Elsevier

Nano Energy

Volume 100, September 2022, 107482
Nano Energy

Promoting the performances of P2-type sodium layered cathode by inducing Na site rearrangement

https://doi.org/10.1016/j.nanoen.2022.107482Get rights and content

Highlights

  • Targeted regulation of the arrangement of Na+ at two distinct Wyckoff positions is achieved in P2-type layered cathodes.

  • The modified material exhibits fast and smooth kinetic process with outstanding rate performance.

  • The rearranged Na layer ensures stable and robust structure at the whole voltage range of 2.0–4.3 V.
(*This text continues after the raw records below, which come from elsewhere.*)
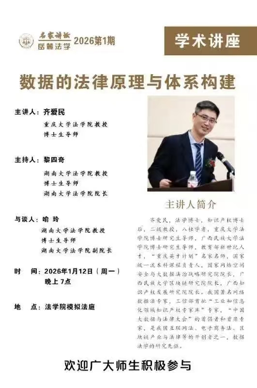 主讲人简介:齐爱民,法学博士,知识产权博士后,二级教授,八桂学者,重庆大学 海角社区
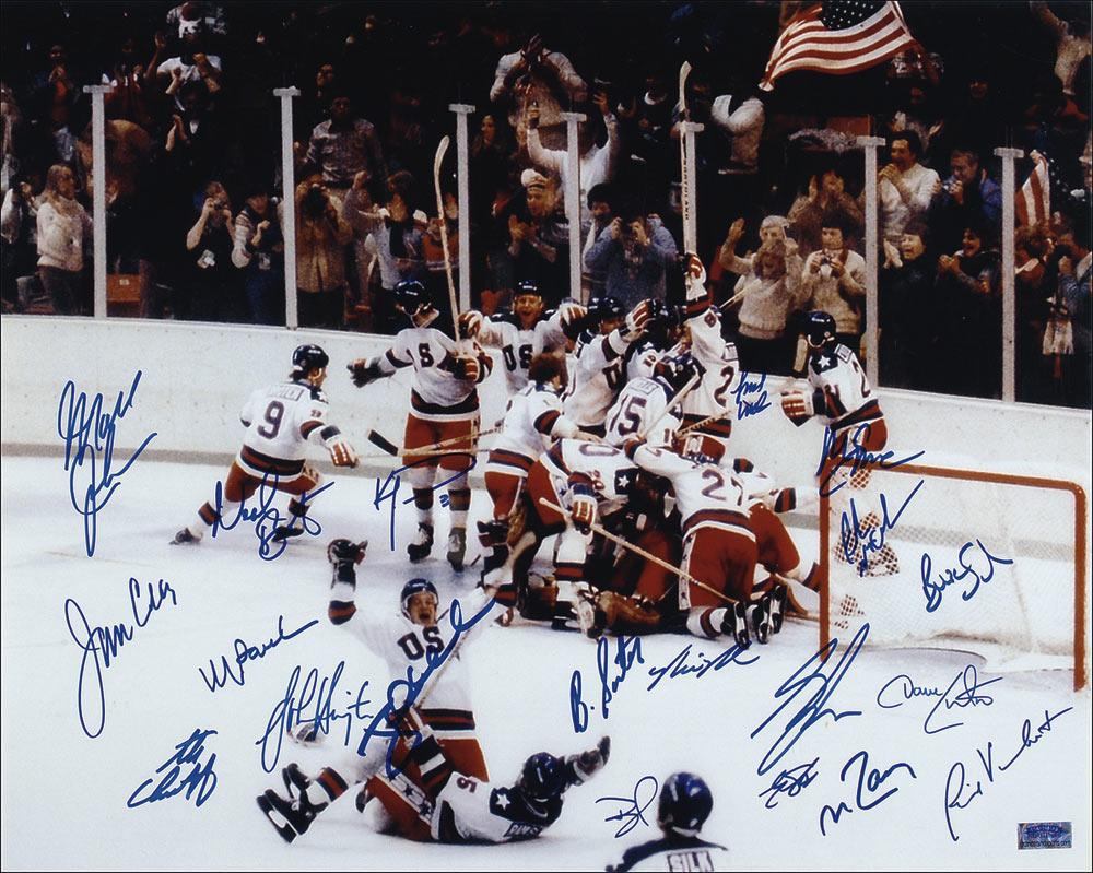 Color satin-finish 20 x 16 photo of the 1980 Olympic hockey team celebrating their final victory, signed in blue felt tip by all 20 members of the team: Mike Eruzione, Jim Craig, Dave Silk, Mark Wells, Steve Christoff, Bill Baker, John Harrington, Buzz Schneider, Steve Janaszak, Mike Ramsey, Jack O’Callahan, Dave Christian, Neal Broten, Mark Pavelich, Eric Strobel, Bob Suter, Rob McClanahan, Ken Morrow, Mark Johnson, and Phil Verchota. Accompanied by a composite photo of all the players taken at time of signing. In very fine condition. Pre-certified Steve Grad/PSA/DNA and RRAuction COA.
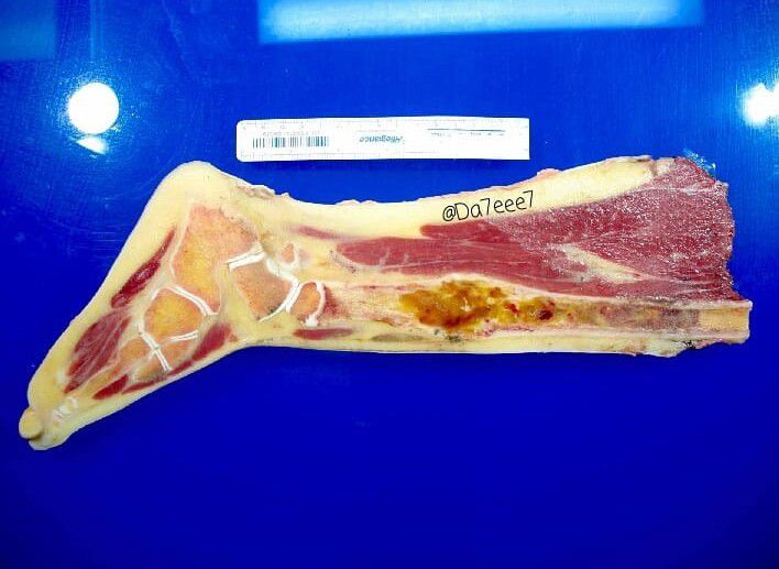 Bisection of this below the knee amputation reveals a tibial osteosarcoma in this teenaged patient who received neoadjuvant chemotherapy. Microscopic examination revealed a favorable histologic treatment response with >90% tumor necrosis. By: https://www.instagram.com/p/BsF2-nkhoTZ/?utm_source=ig_web_copy_link
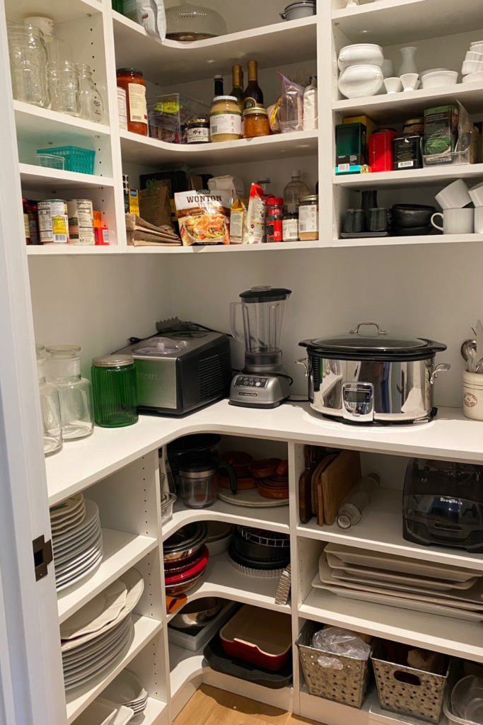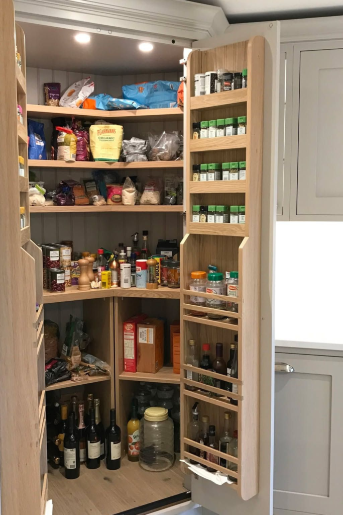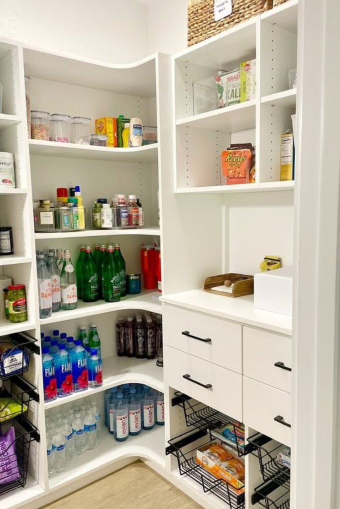 Curved shelves quickly eliminate the wasted space that corners typically create. This is most effective in walk-in pantries.
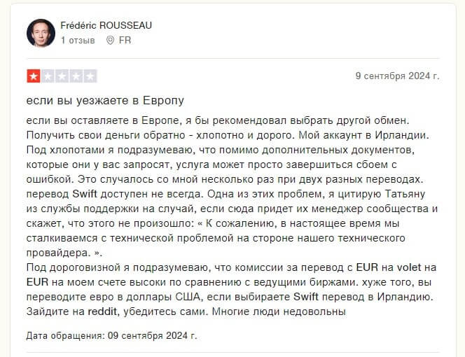 Также критике подвергаются высокие комиссии за транзакции, которые, по мнению пользователей, неоправданно завышены по сравнению с конкурентами. Этот аспект особенно раздражает тех, кто осуществляет многочисленные и небольшие операции, поскольку снижает общую выгоду от использования Volet.
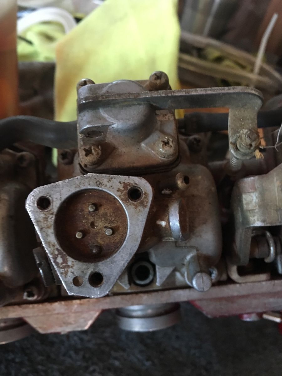Wow! Those carbs look like a nightmare. Please don't install them as is and expect them to run. They need a complete rebuild including unganging. Personally, I'd strip off the red paint straight away. They have provision for an accelerator pump too so you need to sort out that business (either get it working or disable it.)
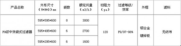 F9級袋式中效過濾器一般應用:中央潔凈空調通風系統中效過濾,制藥、醫院、電子、食品、等工業空調凈化中級過濾、高效過濾裝置的預過濾。延長高效過濾器的使用壽命。
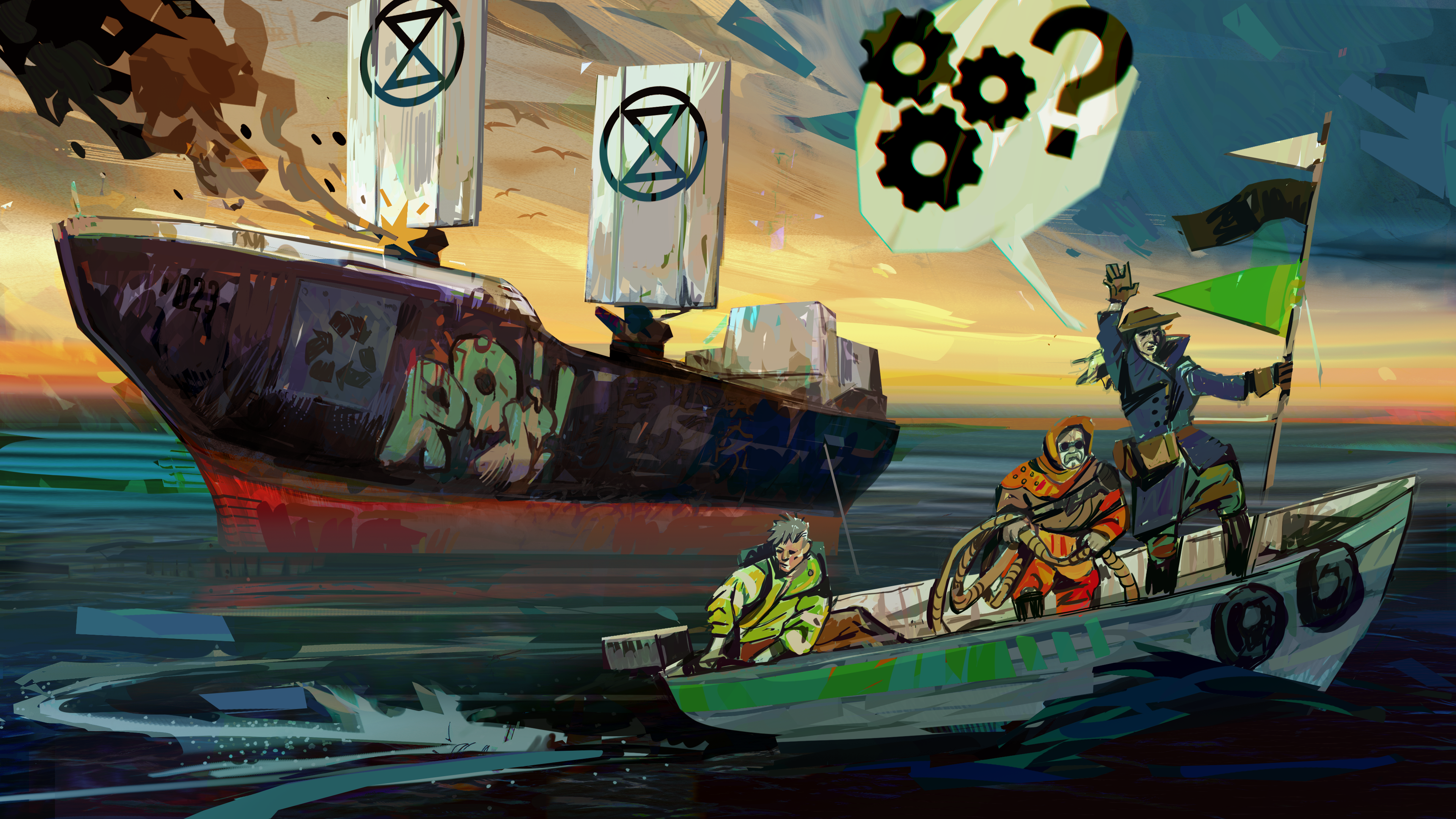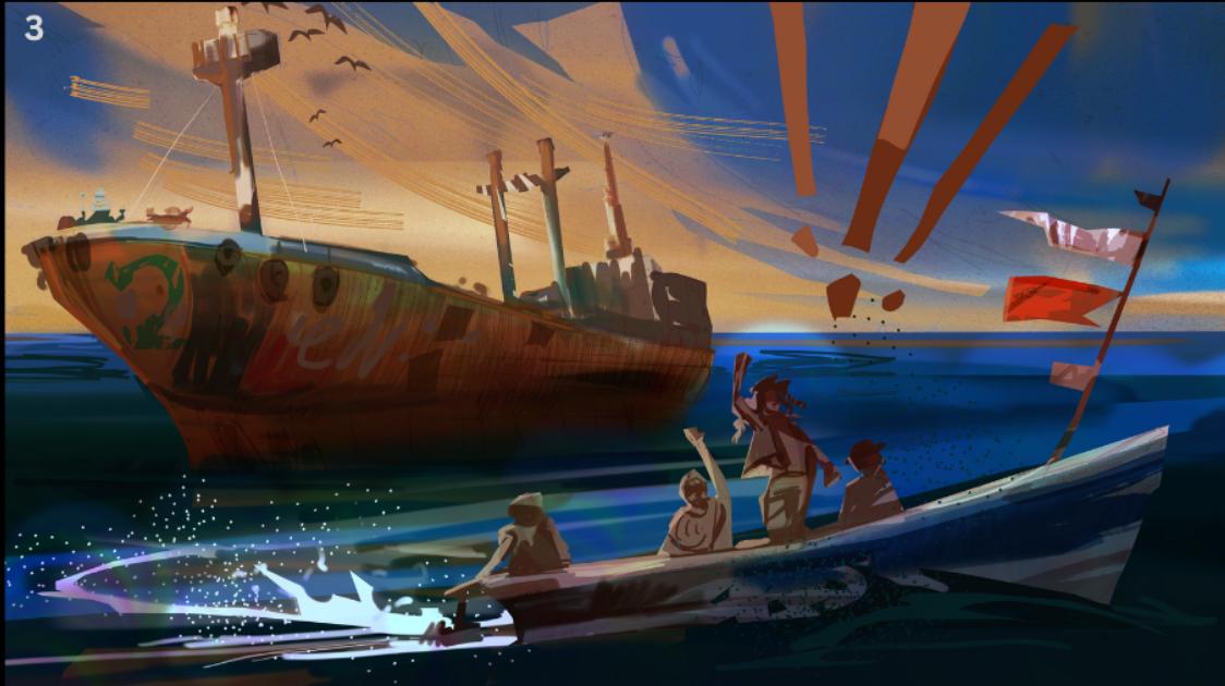 Mostrovska started another event illustration for "eco-pirates ask for ship repairs".
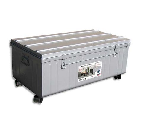Malle en métal laqué epoxy avec 4 roulettes pour faciliter le déplacement. 3 raidisseurs sur le couvercle et 2 sur le fond pour assurer la solidité. Toutes nos cantines sont fournies avec tringles et cadenas.
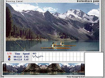 Он управляет скоростью своей лодки с помощью подключаемого к компьютеру "Детектора пульса". Чем реже пульс, тем быстрее участник проходит дистанцию. Скорость соперника задается компьютером исходя из ваших предыдущих достижений.
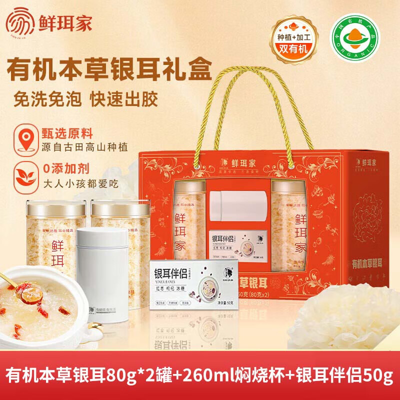 鲜珥家 有机本草银耳礼盒 80克 2罐
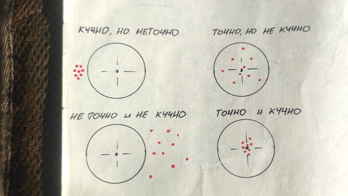Для стоит сказать, что большинство этих людей не понимают никакой разницы между кучностью и точностью. Вот эта картинка лучше любых слов показывает разницу (нужную в интернете не нашёл, поэтому нарисовал от руки).
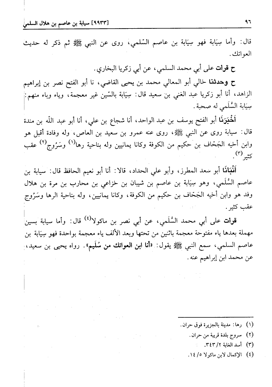 أنبأنا أبو سعد المطرز، وأبو علي الحداد، قالا: أنا أبو نعيم الحافظ قال: سيابة بن عاصم السّلمي، وهو سيابة بن عاصم بن شيبان بن خزاعي بن محارب بن مرة بن هلال وفد هو وابن أخيه الجحّاف بن حكيم من الكوفة، وكانا يمانيين، وله بناحية الرها وسروج عقب كثير. قرأت على أبي محمد السّلمي، عن أبي نصر بن ماكولا «4» قال: وأما سيابة بسين مهملة بعدها ياء مفتوحة معجمة باثنين من تحتها وبعد الألف ياء معجمة بواحدة فهو سيابة بن عاصم السلمي، سمع النبي صلّى الله عليه وسلّم يقول: «أنا ابن العواتك من سليم» . رواه يحيى بن سعيد، عن محمد ابن إبراهيم عنه.
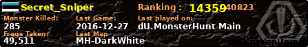 | Server | Map | LastGame | Score | Teamscore | Monsterleft | Deaths | Suicides | TKs | Distance | Playtime | |

  • DFT calculation reveals the mechanism of Na+ rearrangement and the role of different Na sites.

Abstract

The electrochemical performance and structural stability of sodium-ion battery is substantially dependent on the occupancy and distribution of Na+ in cathode materials. However, it is challenging to simultaneously regulate the occupancy and optimize the distribution of Na+ in cathodes for higher capacity and superior cyclability. Here we attempt to adjust the arrangement of Na+ in layered cathode materials by applying a combination approach, including enhancing the Na content, disrupting transition metal ordering and strengthening Na+-TMn+ electrostatic force. Through detailed structural characterizations on cathodes, it is revealed that the rearrangement of Na+ at two distinct Wyckoff positions can be realized in Li/Ti-codoped Na2/3Ni1/3Mn2/3O2 cathodes, contributing to outstanding rate performance and smooth kinetic process. In addition, the inhibited P2-O2 phase transition and intact lattice structure is closely related to the rearranged Na layer and strengthened transition metal slab, jointly resulting in excellent long cycling performance with 90.2% capacity retention after 200 cycles at 1 C (150 mA/g). This work sheds new light on the role of different Na sites and provides a universal and practical approach to adjusting the Na+ distribution in P2-type cathode materials.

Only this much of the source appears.